Column: Electric vehicles spur startups

Brian Derrick

Most of us are conditioned to think of the auto industry as an elite set of long established brands with the recent addition of headline-grabbing Tesla. The Big Three in the U.S., Germany and Japan are easily the most recognized brands, with KIA from Korea entering the big leagues. Most consumers could not name the next 10 auto OEMs on list.

Largely driven by electrification, the global auto industry in the last decade has seen a massive increase in new entrants. Today there are nearly 300 companies pursuing the development of an electric vehicle.

Mentor is a leader in supplying automotive companies innovative solutions for the design and manufacture of automotive electronics systems. There are 274 companies designing and producing vehicles. Many other companies are working on all-electric passenger vehicles, including cars and light trucks.

So frantic is the pace of new company creation that the best historical analogue almost certainly is to early 20th century Detroit, where well over 100 new automotive companies were formed in a few years, often over drinks at the bar at Hotel Pontchartrain. Back then the auto industry consolidated as the leaders in manufacturing scale and efficiency gained market share. Now the industry is moving from manufacturing to the high tech sector, which expands and contracts regularly as innovations are introduced.

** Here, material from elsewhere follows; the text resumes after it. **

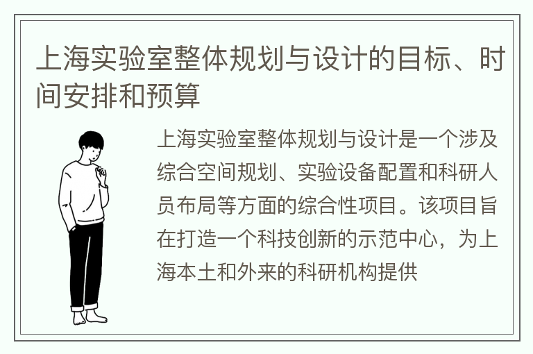 上海实验室整体规划与设计是一个涉及综合空间规划、实验设备配置和科研人员布局等方面的综合性项目。该项目旨在打造一个科技创新的示范中心,为上海本土和外来的科研机构提供......【点击详情】

There is undeniably a technology-driven expansion of activity. Tesla, with its visionary CEO, brought electric cars to the mainstream, at least in familiarity as a viable automobile. Innovation in tech brings in new entrants and then economies of scale and market forces pick a few big winners. Think cell phones, now smart phones.

There’s a number of once-prominent manufacturers/brands (Benefon, Blackberry, Casio, Ericsson, Hitachi, Helio, KDDI Penck, Motorola, Nokia, O2, Panasonic, Sidekick, Sanyo, Sony, Toshiba) whose fortunes have at best been mixed in more recent years.

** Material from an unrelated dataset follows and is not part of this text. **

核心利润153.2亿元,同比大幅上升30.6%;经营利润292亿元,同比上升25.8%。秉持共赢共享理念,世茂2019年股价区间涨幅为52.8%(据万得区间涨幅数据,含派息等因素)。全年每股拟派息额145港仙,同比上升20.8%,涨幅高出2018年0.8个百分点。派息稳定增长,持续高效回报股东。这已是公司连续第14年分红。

Samsung and Apple are the current winners and nothing in the near future — not even the Google Pixel with great reviews — seem likely to disrupt the market’s choice of leaders.

That’s one inevitable outcome of the big consolidation and contraction that happened as the industry transitioned to powerful smartphones and broadband mobile data.

One thing most seem to be sure of — tech’s accelerated boom/bust pattern is likely to start impacting the auto industry, which has long lived with a steadier business cycle, one that mostly tracks macroeconomic conditions with barriers of entry preventing any real serious new contenders.

No one knows what 2017 holds for electric vehicles. But I’d say it’s a near certainty that in a decade you’ll be able to name a handful of EV OEMs no one has heard of today.

Brian Derrick is vice president of marketing at Mentor Graphics in Portland, Ore.